From: Adhemerval Zanella <adhemerval.zanella@linaro.org>
To: kemi <kemi.wang@intel.com>, libc-alpha@sourceware.org
Cc: Andi Kleen <andi.kleen@intel.com>,
"Chen, Tim C" <tim.c.chen@intel.com>,
Dave <dave.hansen@linux.intel.com>,
"ying.huang" <ying.huang@intel.com>, aaron <aaron.lu@intel.com>,
aubrey <aubrey.li@intel.com>
Subject: Re: [PATCH 2/3] Mutex: Only read while spinning
Date: Wed, 11 Apr 2018 13:28:00 -0000 [thread overview]
Message-ID: <0e0645be-2d2b-5275-6f36-7069152bfc87@linaro.org> (raw)
In-Reply-To: <11425ecd-b51e-8396-e3d7-612f7767c870@intel.com>
On 09/04/2018 22:46, kemi wrote:
>
>
> On 2018å¹´04æ10æ¥ 04:52, Adhemerval Zanella wrote:
>>
>>
>> On 08/04/2018 05:28, kemi wrote:
>>>
>>>
>>> On 2018å¹´04æ06æ¥ 04:55, Adhemerval Zanella wrote:
>>>>
>>>>
>>>> On 30/03/2018 04:14, Kemi Wang wrote:
>>>>> The pthread adaptive spin mutex spins on the lock for a while before going
>>>>> to a sleep. While the lock is contended and we need to wait, going straight
>>>>> back to LLL_MUTEX_TRYLOCK(cmpxchg) is not a good idea on many targets as
>>>>> that will force expensive memory synchronization among processors and
>>>>> penalize other running threads. For example, it constantly floods the
>>>>> system with "read for ownership" requests, which are much more expensive to
>>>>> process than a single read. Thus, we only use MO read until we observe the
>>>>> lock to not be acquired anymore, as suggusted by Andi Kleen.
>>>>>
>>>>> Test machine:
>>>>> 2-sockets Skylake paltform, 112 cores with 62G RAM
>>>>>
>>>>> Test case: Contended pthread adaptive spin mutex with global update
>>>>> each thread of the workload does:
>>>>> a) Lock the mutex (adaptive spin type)
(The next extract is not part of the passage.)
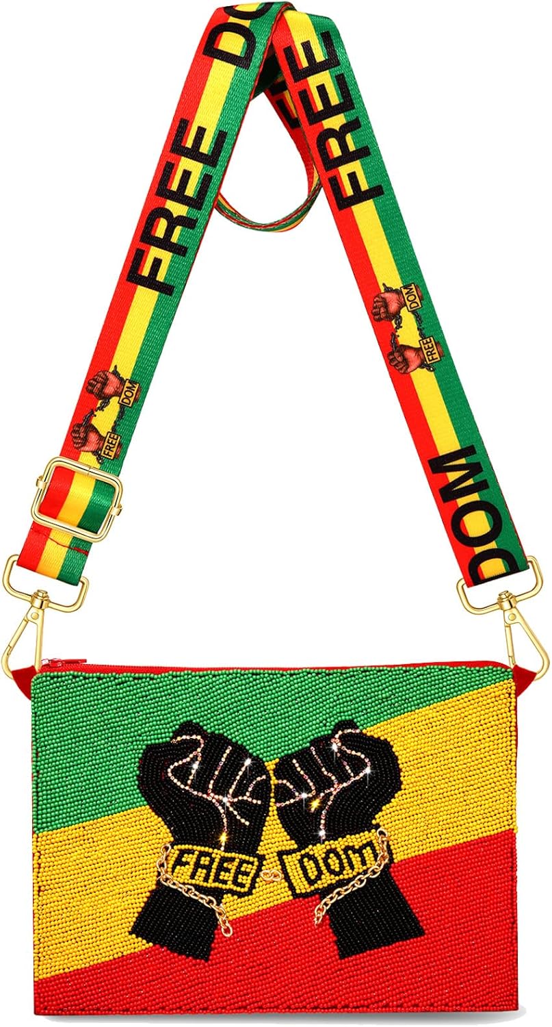 ♥ About CEALXHENY JEWELRY ♥ -- Your Reliable Choice of Fashion Jewelry. -- CEALXHENY JEWELRY is designed to “Accompany and Witness Every Special Moment in Your Life”. -- CEALXHENY JEWELRY is concentrate on providing stylish design, superb manufacturing process, high quality jewelry with first-class US native designers for many years. -- Although life is very long, the good times are fleeting. Let CEALXHENY accompany you and witness special moments in your life with happiness, peaceful and good luck always. ♥ Main Features ♥ Commemorate and celebrate Juneteenth in these Beaded African Purse for Black Women. Crafted with vibrant red, green, and yellow tiny beads—symbolizing the blood of ancestors, Africa’s fertile lands, and the sunlit promise of freedom. The raised fist emblem, echoes the Black Power movement’s unyielding resolve, while ‘AFRO’, ‘1865.6.19’ and ‘FREEDOM’ lettering honors Black heritage, history, culture and freedom. ♥ Specification ♥ ☛Material: Alloy, Beads, Polyester. ☛Color:Yellow, Red, Green, Black; ☛Occasion:Black History Month, Juneteenth celebrations, Black Themed Party, Parades, Memorial day, Independence Day, etc. ☛Package Includes: 1 x Juneteenth Purse. You can search or click on "CEALXHENY" to see our complete collection on Amazon. Enjoy your shopping in our store!

>>>>> b) Globle variable increment
>>>>> c) Unlock the mutex
>>>>> in a loop until timeout, and the main thread reports the total iteration
>>>>> number of all the threads in one second.
>>>>>
>>>>> This test case is as same as Will-it-scale.pthread_mutex3 except mutex type is
>>>>> modified to PTHREAD_MUTEX_ADAPTIVE_NP.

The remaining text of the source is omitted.